The United Kingdom hasn’t exactly been a stellar paradigm of development success for a while now. In fact, exactly a year ago, two days before his first White House meeting with Trump, U.K. Prime Minister Keir Starmer announced the biggest cut to U.K. international assistance in history.

“Twelve months on, the evidence is in: The decision has failed on its own terms,” writes Adrian Lovett, executive director for the U.K., Middle East, and Asia Pacific at ONE, in a Devex opinion piece, arguing that the cuts “should be halted and subjected to a serious review before further damage is done.”

He also argues the cuts — made on the back of a defense spending surge — aren’t doing Starmer any favors.

“Overall, as historical analysis shows, Keir Starmer has joined a group of British prime ministers who share two features in common: the biggest cutters of international aid are also the most unpopular prime ministers in modern history,” he writes. “That is not a causal relationship — but cutting aid certainly does not form part of a winning electoral strategy.”

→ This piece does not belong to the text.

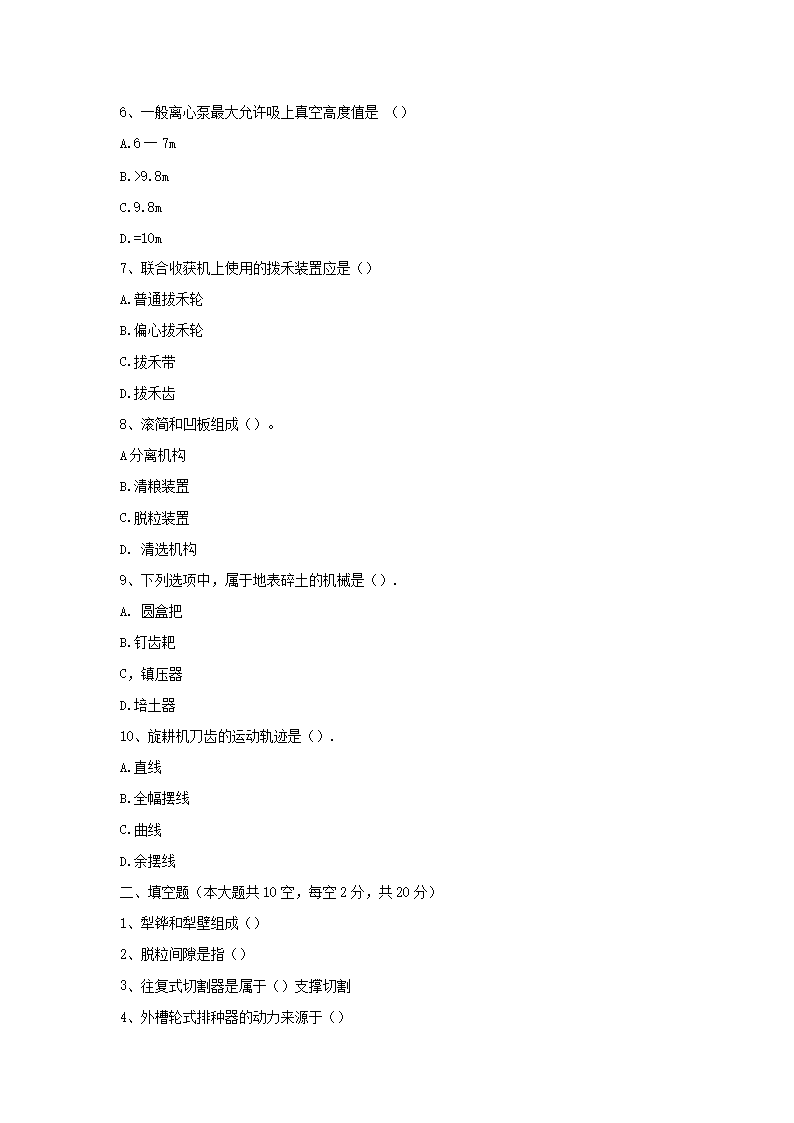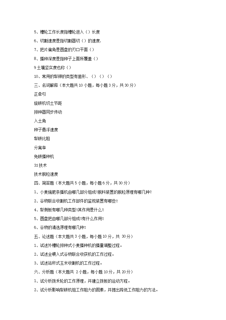 【文档名称】 2012年甘肃农业大学农业机械学考研真题(Word版).doc

“But perhaps the most striking recent development is that the U.K., in claiming to follow the U.S. lead, now in fact occupies the top spot on the aid cuts leaderboard,” he adds. “The conclusion is uncomfortable: Britain is retreating further and cutting deeper than America.

Opinion: Britain’s international aid cuts have failed. It’s time to change course

The latest deal

So far, the string of bilateral health compacts that the U.S. State Department has signed have been with African nations. Now the Trump administration is turning its attention to the Western Hemisphere, where it just signed its first health agreement.

The U.S. will provide up to $22.5 million to Panama over the next three years, with Panama cofinancing the agreement by increasing its own health spending by over $11 million during that time frame, my colleague Sara Jerving reports.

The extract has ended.